風景画展


 実篤の絵というと、野菜讃などの静物画というのが一般的な見方だが、そんな彼が風景画を描いていたのですよという展示。いつ頃描いていたのかと言うと、
・伊豆長岡・大仁で(昭和5年から20年代前半まで、「愛と死」「幸福な家族」などを書くかたわら)
・昭和11年の欧米旅行
・新しき村にて(村外会員になってから、村を訪れた際に)
・昭和20〜30年の講演旅行先にて
 いずれの場合も時間をかけず、旅の合間などに描いているようだ。

 画題としては山が多く、好きな山として別府・由布山、盛岡・岩手山、弘前・岩木山などを挙げている。山というのはじっとしているし、そういう点では馬鈴薯や南瓜、あるいは馬鹿一の石などと共通点があるかもしれない。「山と眺めっこしたい。一心にかけたら画家になれる」という実篤の文章と、「由布山を描く実篤」という写真パネル(山道のかたわらにイーゼルを立て、どっかりと腰を据えて由布山と向き合っている実篤の姿)が紹介されていたが、ものをじっと見てそれを見たままに表現するという、実篤の基本的な姿勢がよくあらわれていると思った。

 実篤の風景画が十数枚展示されていたが、中でも「伊豆長岡より見た富士」(1930年油彩)と、「蔵王山」(1950年代紙本墨画淡彩)がいいと思った。とりたててどこがどうとは言えないのだが、じっくり描かれている感じがした。逆に「この道」(山に向かって道が伸びていく)のような観念的な絵は、たぶん実際の風景を見ながらではなく空想で描かれたのではないかと思うのだが、構図が一定で何らおもしろみがない。『武者小路実篤 画集と画論』という本にも何枚か富士山の絵があるが、画想は平凡でありきたりの絵になってしまっている。

 最後のコーナーには季節に合わせて筍や木蓮の絵が掛けられていたが、「筍図」は1938年4月20日に椿貞雄の新築祝いに行った際に、その場で描いたものだそうだ。画家へのお祝いに即興で絵を描くとは彼らしいこだわらなさだなと思った。また、『心』(昭和47年4月)に掲載された「人間が好きだよ」という詩の原稿も展示されており、死の前々年に書かれた「僕は人間が好きだよ」という直筆は胸に迫るものがあった。
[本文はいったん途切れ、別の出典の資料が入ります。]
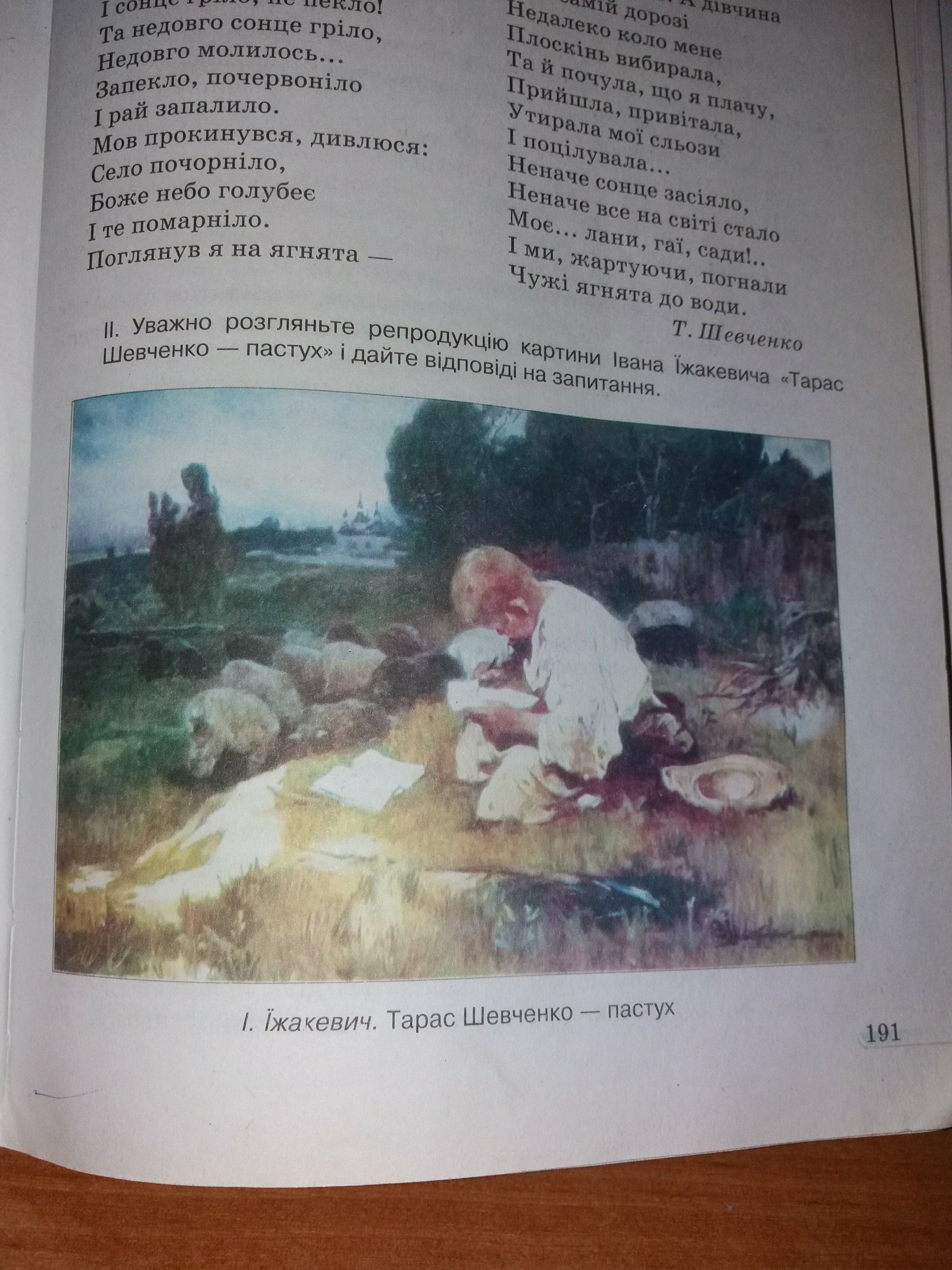 На цій картині, я бачу хлопчика, який щось пише. Хлопчик вдягнений в білу сорочку та штани. Навколо нього гарна природа: дерева, трава. Небо блакитного кольору, а трава - зелена. Позаду дерев видно якийсь замок блакитно- білого кольору.

 公園はユキヤナギ、馬酔木、山吹、ヒイラギナンテンなどの花が咲き、すっかり春らしくなっていた。あずまやの屋根もきれいに葺き替えられ、池の中の島ではスミレがかわいい花をつけていた。アジサイの葉も出始まり、木々も芽吹いて季節が進んでいることを感じさせる。旧邸へのトンネルの手前では桜が満開でとてもきれいだった。
 見学前に記念館の受付で、友の会の会員登録を更新した。